* The task *
Copy each line below exactly as it appears. Pictures are to be omitted.

* Dataset section *
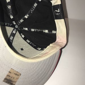 In Great condition, however inside of had in the white part has stains, the hat is professionally cleaned so its cosmetic
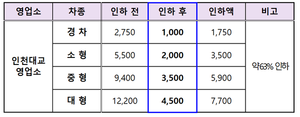 이에 따라 경차는 기존 2,750원에서 1,000원으로, 소형(승용차)은 5,500원에서 2,000원으로 중형(버스·10톤 미만 화물차)은 9,400원에서 3,500원으로, 대형(10톤 이상 트럭)은 12,200원에서 4,500원으로 통행료가 인하된다.
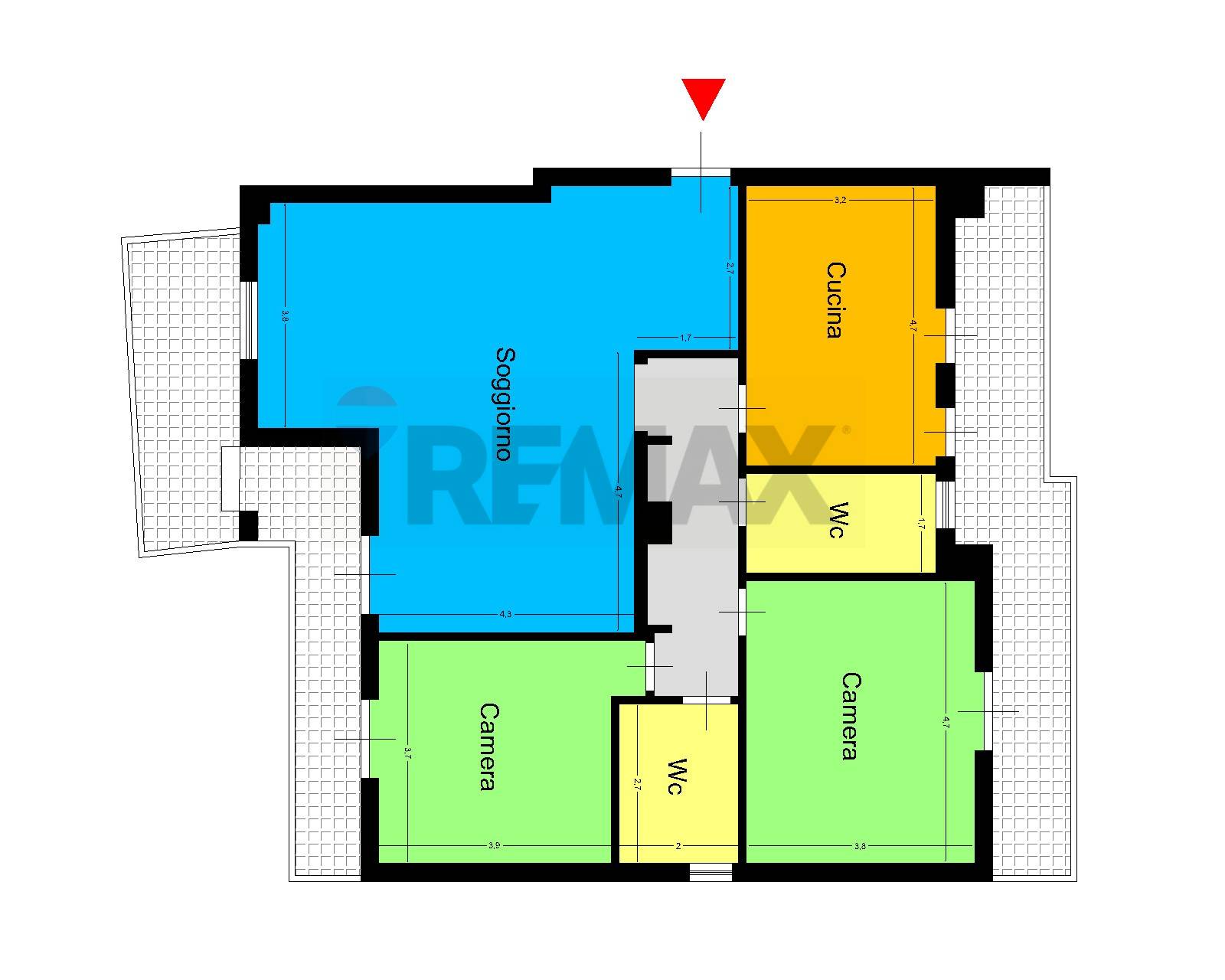 Limmobile si colloca ad un piano rialzato, comprende ingresso, salone doppio, n° 2 camere da letto n° 2 bagni e cucina, balconi e terrazzi esterni, si estende su una superficie totale di mq 132, di cui mq 120 calpestabili.

* Result of this task *
 In Great condition, however inside of had in the white part has stains, the hat is professionally cleaned so its cosmetic
 이에 따라 경차는 기존 2,750원에서 1,000원으로, 소형(승용차)은 5,500원에서 2,000원으로 중형(버스·10톤 미만 화물차)은 9,400원에서 3,500원으로, 대형(10톤 이상 트럭)은 12,200원에서 4,500원으로 통행료가 인하된다.
 Limmobile si colloca ad un piano rialzato, comprende ingresso, salone doppio, n° 2 camere da letto n° 2 bagni e cucina, balconi e terrazzi esterni, si estende su una superficie totale di mq 132, di cui mq 120 calpestabili.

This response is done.